Some sensible limitations on this would be the uncastling rights suggested above and the restriction that only pieces that have already been captured can be uncaptured. A backward en passant capture played forward would have to force the opposing player to play P_5-_7.
|(4) Posted by Siegfried Hornecker [Thursday, Jun 18, 2020 13:38]; edited by Siegfried Hornecker [20-06-18]|
This probably dualististic schema offers further questions.
(= 5+2 )
h=1, h=1.5, h=2
h=1: 1. -Kb7:Sb8 Bd8-c7= (or -Bc7-d8=)
h=1.5: 1.- -c:b6 e.p. 2. -b7-b5 Bd8-b6= (or -Bb6-d8=)
h=2: 1. -Bb7:Sa8 Sa8-c7 (or -Sc7-a8) 2. -Ba6xBb7 Bb7xBa6=
In the solution Black uncaptures a White bishop, but the White bishop then captures the Black bishop.
|(5) Posted by Rewan Demontay (Real Name: James Malcom) [Thursday, Jun 18, 2020 15:54]; edited by Rewan Demontay (Real Name: James Malcom) [20-06-18]|
that uncastling is only allowed if the rook and king have arrived at d8 and c8 or f8 and g8 etc. via castling and not moved since?
That is correct Jakob. And in regards to castling rights, I suppose the idea is that each uncastling "resets" the castling rights, and that each castling resets uncastling rights, allowing for an ad infitnum. Such a "castling ping-pong" that you speak of is exactly shown in my "study" above, in which White draws via threefold repetition by forcing Black to repeatedly castle and uncastle. To me it's neater instead of allowing it just once.
And while there are indeed other irreverible moves in chess, I figured castling would be the easiest and strangest to explore. But Reversible Chess is just as fun as Siegfried shows.
|(6) Posted by Siegfried Hornecker [Monday, Jun 29, 2020 01:39]; edited by Siegfried Hornecker [20-06-29]|
I got Werner Keym's new book "Anything But Average". It contains this problem as no.338:
Redkie shanry plyus 1996
(= 5+5 )
Mate in 2
1.0-0-0 Bb4 2.Qb2 mate, or 1.-B:b3 2.0-0-0 mate (Kc1-e1; Rd1-a1)
So apparently uncastling was already invented by Dubrovsky in 1996 under the name "Retro castling". Are there earlier examples (also, I found only one other mention of this source on the internet, on a 1st prize problem on Christian Poisson's website, quoting the "Russian Album" 1995-1997. Can someone provide information on this? http://christian.poisson.free.fr/problemesis2000/albumrussia9597.html)
|(7) Posted by Andrew Buchanan [Monday, Jun 29, 2020 02:57]; edited by Andrew Buchanan [20-06-29]|
Thanks Siegfried - honestly I think Rewan’s example are the beginning of the thread is better thematically than this one.
All I can contribute is a notation. I suggest -0- and -0-0-.
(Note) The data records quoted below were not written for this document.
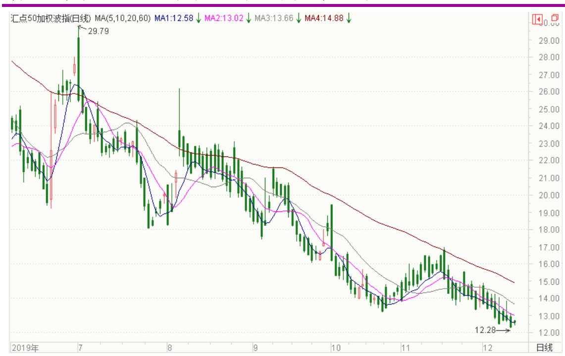
图表 11：来自 wind 金融终端汇点 50 加权波指变化图（日线）

以下也提供来自 wind 金融终端的汇点 50 加权波指变化图（日线），可分析参考。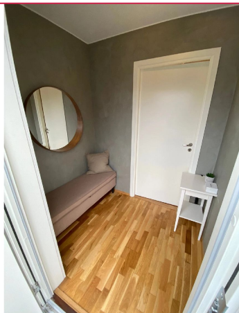
Entré med plass til klær og sko.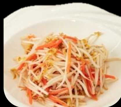
292 GERMOIA DI SOIA: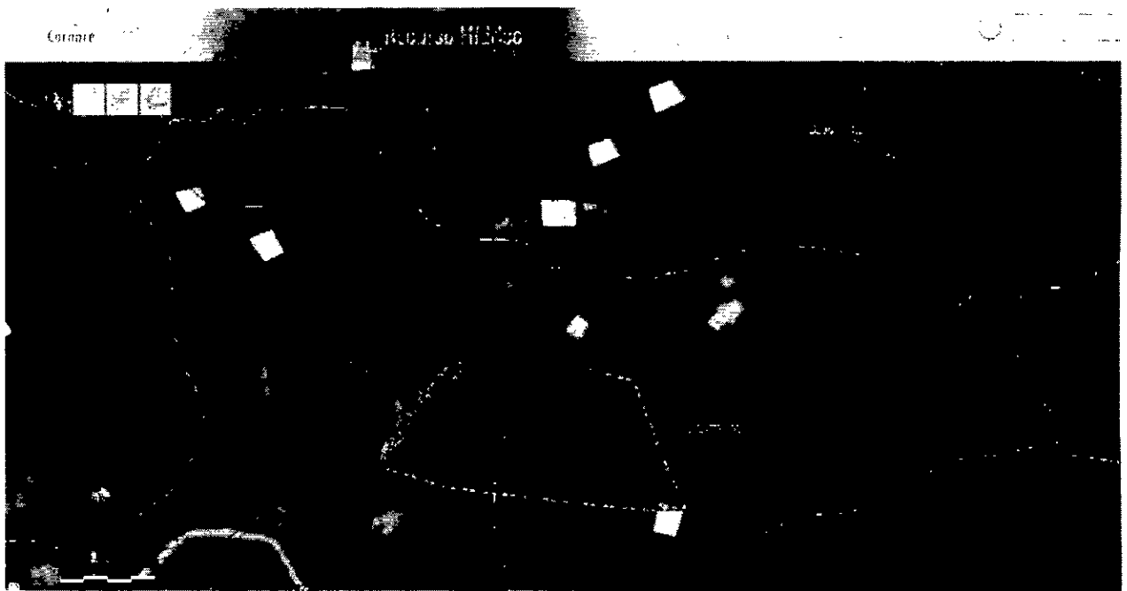
Imagen 1. Predios implicados y delimitación del humedal.

El predio con PK 5412001000001800041, propiedad del señor Ismael Zúñiga Arce, interesado en esta queja, se ubica en la parte más baja del terreno con relación al otro predio, (parte superior en la ortofoto), en este se realizaron una serie de drenajes para canalizar el agua del nacimiento y conducirla hasta la Quebrada el Victorial, que discurre por el predio del señor Ismael Zúñiga. Esta obra fue realizada con el objetivo de secar un poco el terreno y mantener las guaduas que tiene sembradas, manifiesta el señor Zúñiga.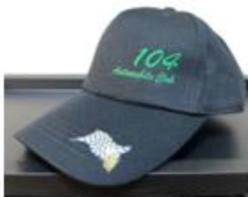
農友会自動車部キャップ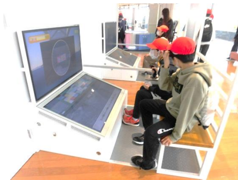
【門司港レトロ見学】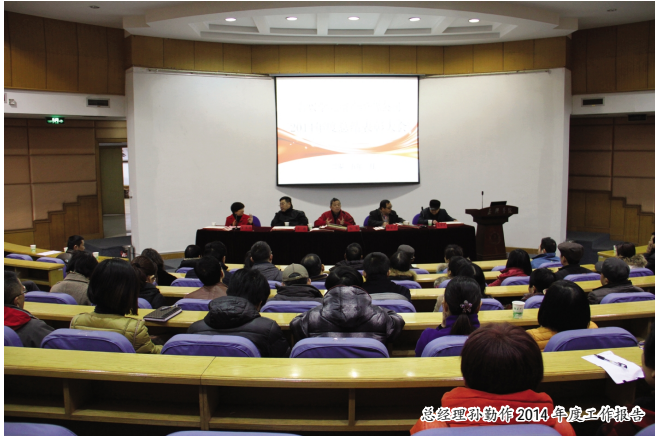
总经理孙勤作 2014 年度工作报告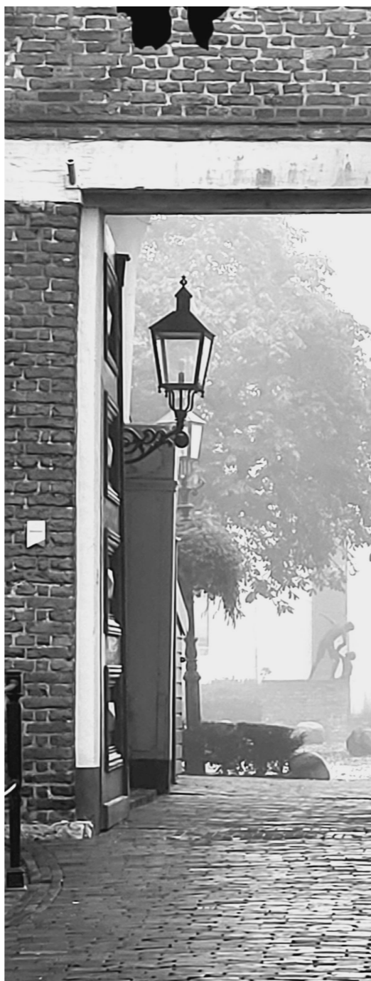
Poorthuis voormalig kasteel Montfoort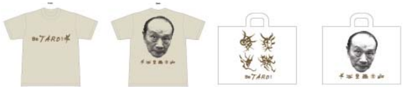
フェアトレード製品（Tシャツ、トートバッグ）

今年から、夏の環境活動で使用するTシャツやノベルティ（トートバッグ）にフェアトレードポリシー 1 を導入します。ノベルティ用Tシャツ NGO “PEOPLE TREE” より約200枚のTシャツを購入し、使用。ノベルティ用のエコバッグはオーガニックコットン製で5,000枚を製作します。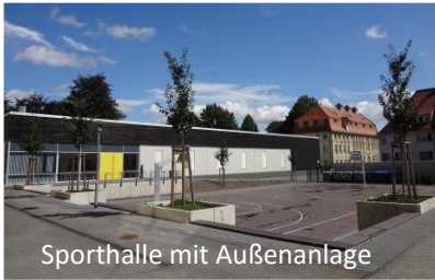
Sporthalle mit Außenanlage

Die Adam-Olearius-Schule in Aschersleben ist eine staatlich anerkannte Gemeinschaftsschule in freier Trägerschaft. Unsere Unterrichtsräume, der Pausenhof sowie die Sporthalle befinden sich auf dem Campus Bestehornpark.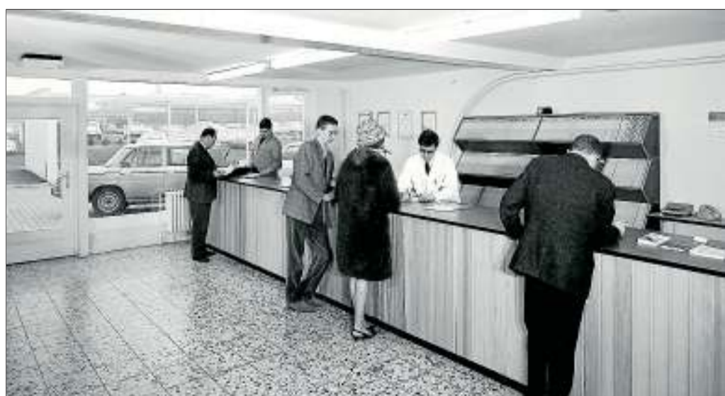
Modern, schick und zeitgemäß: 1967 zog das Unternehmen in das neue „Mutterhaus“ an der Gifhorner Straße.

Veranstaltungsort ist das TZH Braunschweig, Hamburger Straße 234, 38114 Braunschweig. Information und Anmeldung bei Nadine Sante, Telefon 1 20 15 08, sante@hwk-bls.de .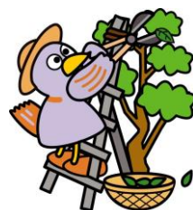
埼玉県マスコット コバトン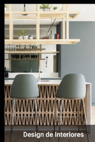
Design de Interiores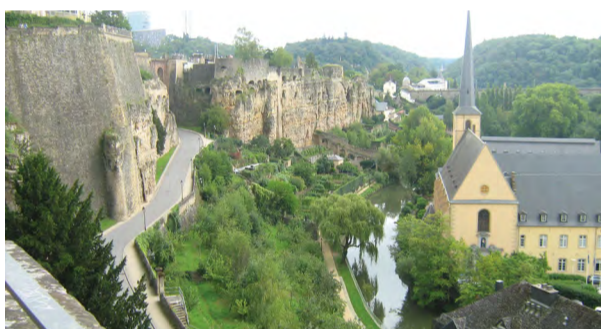
На снимке: виды Люксембурга

Герцогство Люксембург – независимое суверенное государство, во главе которого стоит герцог, наследник королевской фамилии Нассау. Столица страны, носящая то же название, основана на месте древней крепости. Люксембург не похож ни на один европейский город, так как в самом центре, окружённый старинными крепостными стенами и башнями, раскинулся прекрасный парк, который является историческим центром города, любимым местом отдыха и проведения досуга местных жителей и приезжих. «Мы хотим остаться теми, кто мы есть» – таков девиз жителей Люксембурга. На улицах можно слышать

|(8) Posted by Guus Rol [Sunday, Dec 13, 2020 17:59]|
Digging up an old thread because it related to something I looked at long ago. When I invented my notation system I wrote the uncastling move as 0+0 or 0+0+0. Obviously retracting 0+0+0 effectively castles!
Note this rule provides a nice way to produce a Kofman-like problem without retraction phase. Uncastling forward proves that white has castled earlier in the game (by Rewan Demontay's rule). When the prior white castling right is mutually exclusive with a black castling right you just proved that black has no longer castling right!